• **Task to complete**
Copy, word for word, the lines of the listing below from the line with "10. Then, add" up to and including the line with "① 1T超大容量 ②100Mb大文件上传". Drop the pictures.

• **Material to process**
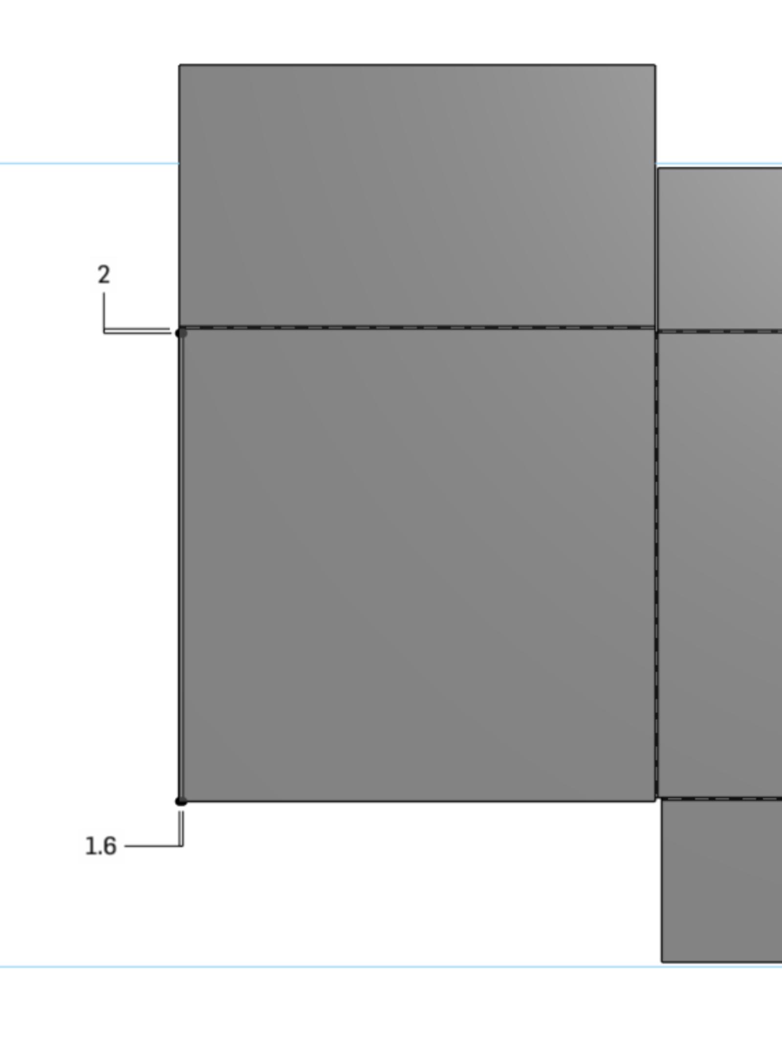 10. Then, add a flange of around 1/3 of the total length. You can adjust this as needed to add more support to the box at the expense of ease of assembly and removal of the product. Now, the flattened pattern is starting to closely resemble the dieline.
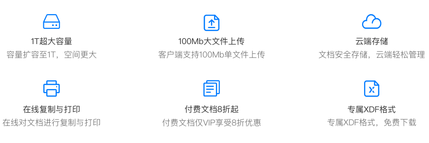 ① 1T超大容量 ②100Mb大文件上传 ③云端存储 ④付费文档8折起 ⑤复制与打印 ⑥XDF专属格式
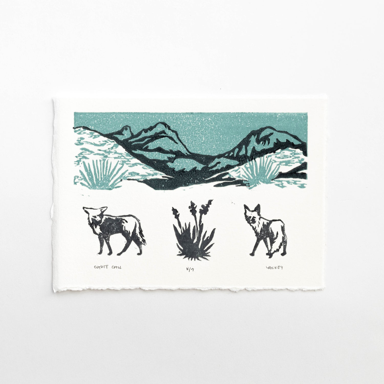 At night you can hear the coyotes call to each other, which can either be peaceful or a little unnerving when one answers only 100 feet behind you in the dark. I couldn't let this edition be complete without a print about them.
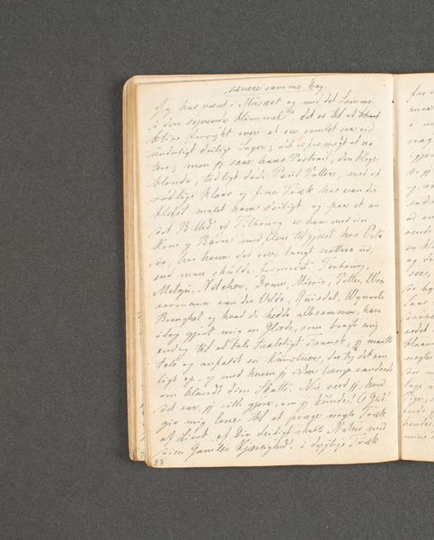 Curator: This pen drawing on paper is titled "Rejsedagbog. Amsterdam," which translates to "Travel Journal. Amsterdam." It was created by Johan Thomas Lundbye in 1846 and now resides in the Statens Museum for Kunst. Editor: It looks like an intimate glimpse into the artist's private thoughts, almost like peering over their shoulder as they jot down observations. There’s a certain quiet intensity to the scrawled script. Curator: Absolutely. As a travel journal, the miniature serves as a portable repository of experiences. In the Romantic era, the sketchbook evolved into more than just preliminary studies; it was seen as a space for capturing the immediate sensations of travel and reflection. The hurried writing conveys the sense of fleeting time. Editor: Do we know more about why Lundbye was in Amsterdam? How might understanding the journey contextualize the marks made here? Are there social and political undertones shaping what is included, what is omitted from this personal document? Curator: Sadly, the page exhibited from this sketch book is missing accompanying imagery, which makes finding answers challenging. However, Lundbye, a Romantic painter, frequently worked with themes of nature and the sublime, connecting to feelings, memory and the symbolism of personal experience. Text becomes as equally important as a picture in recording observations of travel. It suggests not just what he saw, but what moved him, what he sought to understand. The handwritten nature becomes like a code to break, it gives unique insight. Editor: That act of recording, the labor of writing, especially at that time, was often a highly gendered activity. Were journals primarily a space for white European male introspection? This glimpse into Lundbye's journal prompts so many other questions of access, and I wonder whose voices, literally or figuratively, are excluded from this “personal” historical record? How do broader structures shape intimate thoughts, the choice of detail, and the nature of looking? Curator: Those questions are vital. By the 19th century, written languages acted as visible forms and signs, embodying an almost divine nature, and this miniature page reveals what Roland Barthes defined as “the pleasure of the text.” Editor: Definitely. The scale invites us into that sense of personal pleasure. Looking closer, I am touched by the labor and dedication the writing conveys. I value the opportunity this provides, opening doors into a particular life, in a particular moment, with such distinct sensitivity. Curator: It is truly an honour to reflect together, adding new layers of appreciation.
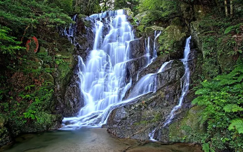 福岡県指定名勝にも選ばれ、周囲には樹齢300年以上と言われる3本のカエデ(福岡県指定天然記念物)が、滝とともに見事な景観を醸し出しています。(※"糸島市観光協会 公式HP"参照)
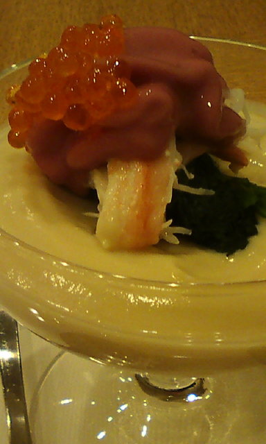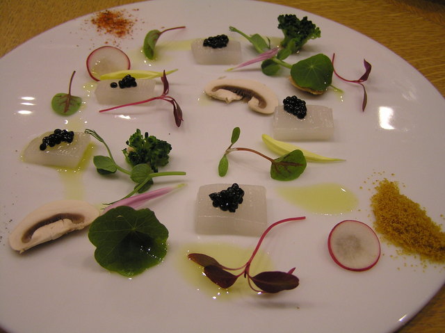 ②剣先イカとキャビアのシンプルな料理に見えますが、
---
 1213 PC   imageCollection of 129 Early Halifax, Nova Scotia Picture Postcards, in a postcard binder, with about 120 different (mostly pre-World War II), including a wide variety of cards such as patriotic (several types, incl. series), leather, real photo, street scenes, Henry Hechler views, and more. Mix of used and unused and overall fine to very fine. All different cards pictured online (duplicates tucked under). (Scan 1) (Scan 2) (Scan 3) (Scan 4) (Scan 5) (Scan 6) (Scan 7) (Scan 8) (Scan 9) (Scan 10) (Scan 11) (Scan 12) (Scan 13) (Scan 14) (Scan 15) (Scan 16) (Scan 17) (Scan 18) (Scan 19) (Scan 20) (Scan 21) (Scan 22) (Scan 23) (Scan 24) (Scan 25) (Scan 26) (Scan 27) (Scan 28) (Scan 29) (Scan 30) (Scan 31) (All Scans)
==
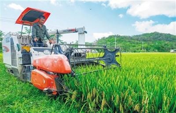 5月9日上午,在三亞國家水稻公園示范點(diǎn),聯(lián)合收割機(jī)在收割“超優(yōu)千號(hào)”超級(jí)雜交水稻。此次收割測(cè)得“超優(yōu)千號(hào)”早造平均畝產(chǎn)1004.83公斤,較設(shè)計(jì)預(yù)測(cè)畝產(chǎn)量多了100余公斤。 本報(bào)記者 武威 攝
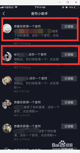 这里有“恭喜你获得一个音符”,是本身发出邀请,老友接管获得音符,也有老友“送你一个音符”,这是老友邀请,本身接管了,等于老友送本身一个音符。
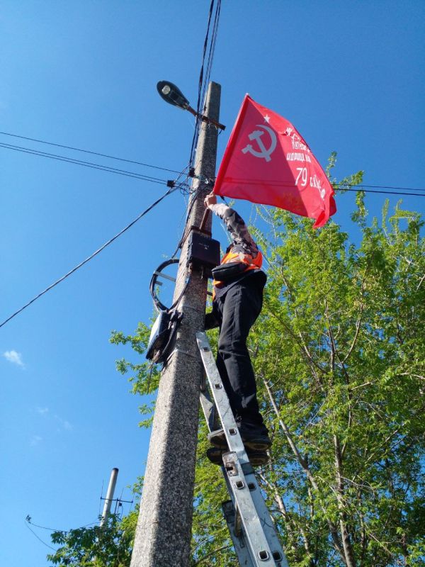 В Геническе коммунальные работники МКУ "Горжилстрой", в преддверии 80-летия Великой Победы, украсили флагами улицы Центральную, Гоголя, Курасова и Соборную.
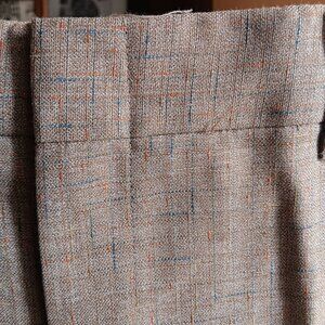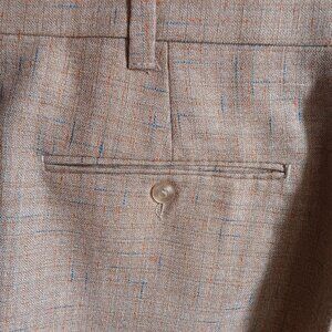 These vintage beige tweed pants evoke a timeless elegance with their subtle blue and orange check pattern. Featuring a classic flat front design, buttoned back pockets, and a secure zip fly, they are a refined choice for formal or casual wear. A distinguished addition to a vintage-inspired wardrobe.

• **Exercise answer**
 10. Then, add a flange of around 1/3 of the total length. You can adjust this as needed to add more support to the box at the expense of ease of assembly and removal of the product. Now, the flattened pattern is starting to closely resemble the dieline.
 ① 1T超大容量 ②100Mb大文件上传 ③云端存储 ④付费文档8折起 ⑤复制与打印 ⑥XDF专属格式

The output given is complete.